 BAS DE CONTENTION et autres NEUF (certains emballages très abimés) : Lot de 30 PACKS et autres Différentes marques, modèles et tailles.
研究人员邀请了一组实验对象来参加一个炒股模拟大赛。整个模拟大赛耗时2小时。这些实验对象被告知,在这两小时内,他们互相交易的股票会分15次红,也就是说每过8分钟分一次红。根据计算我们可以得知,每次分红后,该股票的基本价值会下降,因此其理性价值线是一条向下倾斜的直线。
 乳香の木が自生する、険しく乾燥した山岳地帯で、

---

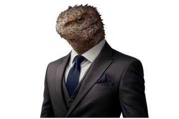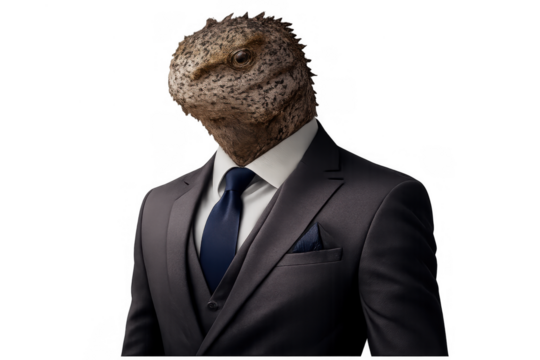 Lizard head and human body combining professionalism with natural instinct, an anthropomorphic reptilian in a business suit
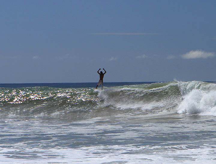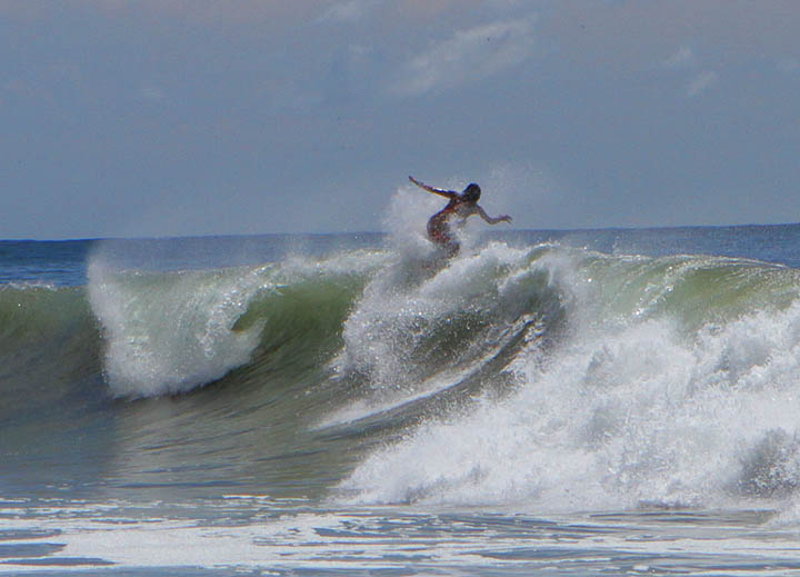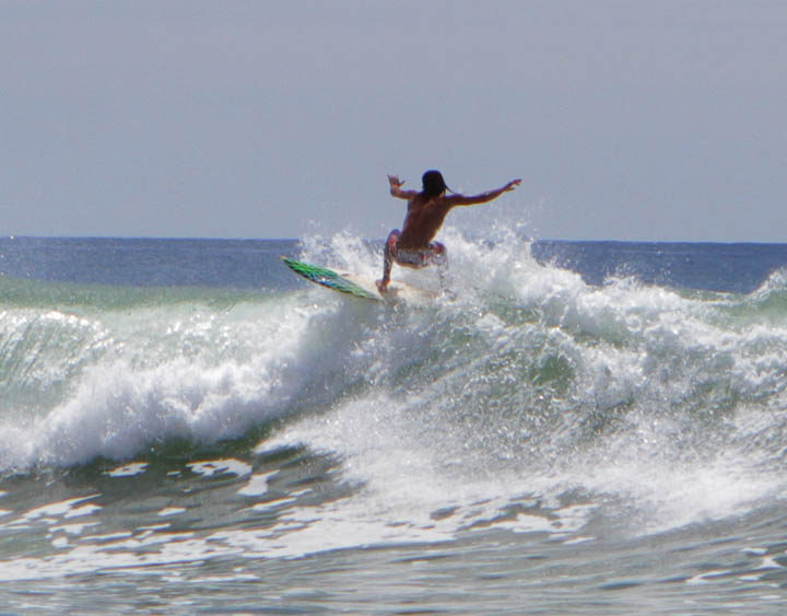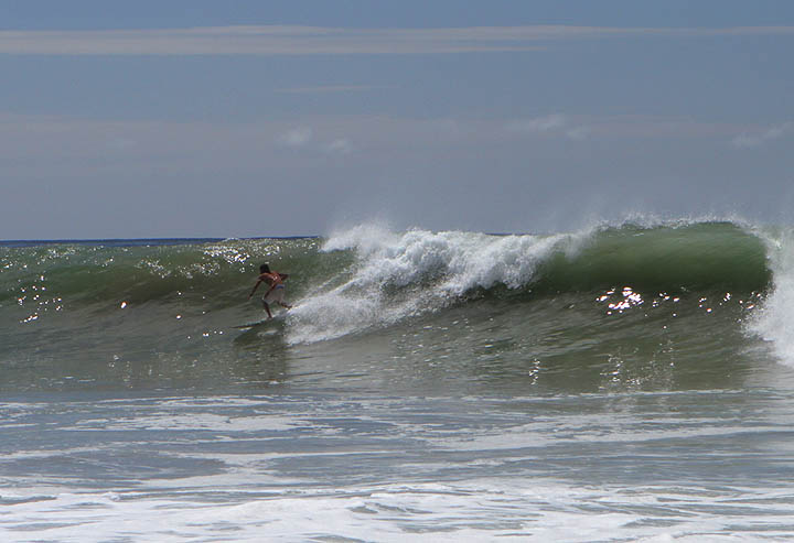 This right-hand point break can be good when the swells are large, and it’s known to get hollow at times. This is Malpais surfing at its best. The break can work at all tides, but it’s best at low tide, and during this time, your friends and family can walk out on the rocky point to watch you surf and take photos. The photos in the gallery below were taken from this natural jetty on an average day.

> Problem
The answer is the run of lines above from the line containing "BAS DE CONTENTION" through the line containing "乳香の木が自生する、険しく乾燥した山岳地帯で、", copied exactly and alone.

> Answer to this task
 BAS DE CONTENTION et autres NEUF (certains emballages très abimés) : Lot de 30 PACKS et autres Différentes marques, modèles et tailles.
研究人员邀请了一组实验对象来参加一个炒股模拟大赛。整个模拟大赛耗时2小时。这些实验对象被告知,在这两小时内,他们互相交易的股票会分15次红,也就是说每过8分钟分一次红。根据计算我们可以得知,每次分红后,该股票的基本价值会下降,因此其理性价值线是一条向下倾斜的直线。
 乳香の木が自生する、険しく乾燥した山岳地帯で、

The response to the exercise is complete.